Regulators are removing the additives that have traditionally supported gut health in young pigs and broilers. The replacements keep failing for one reason – and the fix is about delivery, not dose.
Across Europe, and increasingly worldwide, the feed sector is moving beyond the tools that stabilised the young pig and poultry gut. Pharmacological zinc oxide has been phased out across the EU. Medically important antibiotics are restricted in feed and under voluntary reduction elsewhere. High inclusion rates of copper face tightening limits, on both efficacy and the load they leave in manure.
Each was a workhorse through weaning and early growth – and losing them, without functional replacements, means slower gain, more enteric disease and higher cost.
The harder question is not what to eliminate, but what can stand in. Here, many alternatives quietly underperform – not because the active is wrong, but because it never arrives where it works.
An additive must be able to survive steam pelleting, pass intact through the acidic stomach, and go to work in the jejunum and ileum, where most absorption and microbial modulation occur. Many minerals and organic acids dissolve in the stomach or duodenum and are spent long before the lower gut. Others are degraded by pelleting heat and shear. A few create fresh problems: raw copper sulfate can erode the gizzard, and unprotected acids irritate the upper tract.
This is why attention is moving from how much of an active is added to where and when it is released. Microencapsulation – the principle behind Maxx Performance’s delivery platform – coats each active particle in a thin, food-grade matrix that withstands feed processing and protects the active through the stomach before releasing it gradually across the small intestine, converting a blunt, high-dose input into a targeted one.
The same coating approach applies across active classes, from minerals and organic acids to essential oils and live probiotics, wherever survival through the feed mill and the stomach is the bottleneck. The principle is simple: protect the molecule until it reaches the tissue that needs it.

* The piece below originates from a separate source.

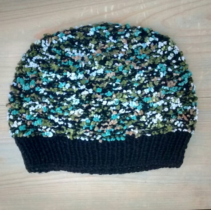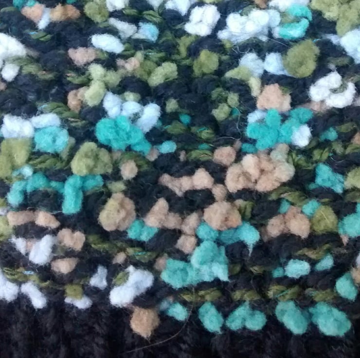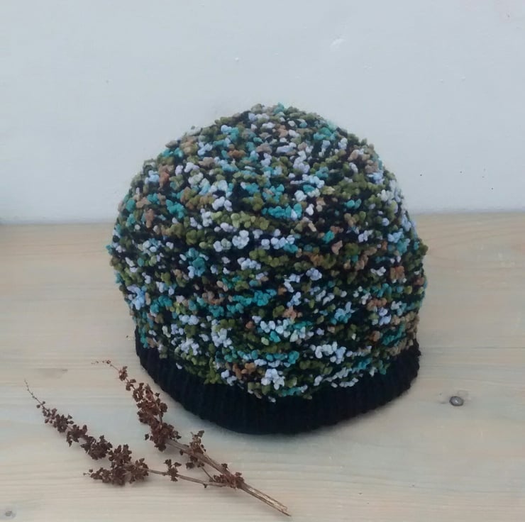 Cosy and soft multi-coloured chunky weight hand knit hat in a lovely wool and acrylic blend. This beanie hat is knit in a turquoise, caramel, olive and blue boucle fleece type yarn which is soft and thick with a black wool and acrylic ribbed rim.

The performance case is now backed by controlled trials. In a 28-day nursery study at Virginia Tech, 256 weaned pigs received microencapsulated zinc oxide at inclusion levels roughly 95% lower than pharmacological levels. Despite the dramatic reduction, the treatment matched – and ultimately outperformed – a control diet formulated to meet NRC zinc requirements.
Average daily gain improved by about 21%, feed efficiency by about 16%, and jejunal villus height – a key marker of absorptive capacity – rose significantly. But the most important number may be the reduction itself: approximately 95% less zinc input than pharmacological zinc oxide, with no loss in performance and far less zinc excreted into manure.
Figure 1 – Body weight over the 28-day Virginia Tech nursery trial; microencapsulated zinc oxide vs an NRC recommended-zinc control, on around 95% less zinc than pharmacological dosing

The same logic holds across minerals and species. In an independent broiler trial conducted under coccidiosis challenge and without antibiotics – conditions designed to mirror commercial production and presented at the 2025 Poultry Science Association meeting – microencapsulated copper sulfate produced significantly greater weight gain than control birds while using less copper than a conventional raw-sulfate diet.
Just as importantly, it achieved those gains with no gizzard erosion and an intact intestinal barrier: the very side effects that typically limit how aggressively copper can be used in poultry nutrition.
Taken together, the trials point in the same direction: targeted delivery allows producers to meet tightening zinc, copper and antibiotics without giving up the performance those tools were originally designed to protect. Fewer minerals and antibiotics in the diet means lower excretion, reduced environmental pressure, and more regulatory flexibility. Maintained gain and feed conversion mean the margin per head still holds.
The post-antibiotic era does not have to become a post-performance one – provided the active reaches the right place, at the right time, and in the right amount.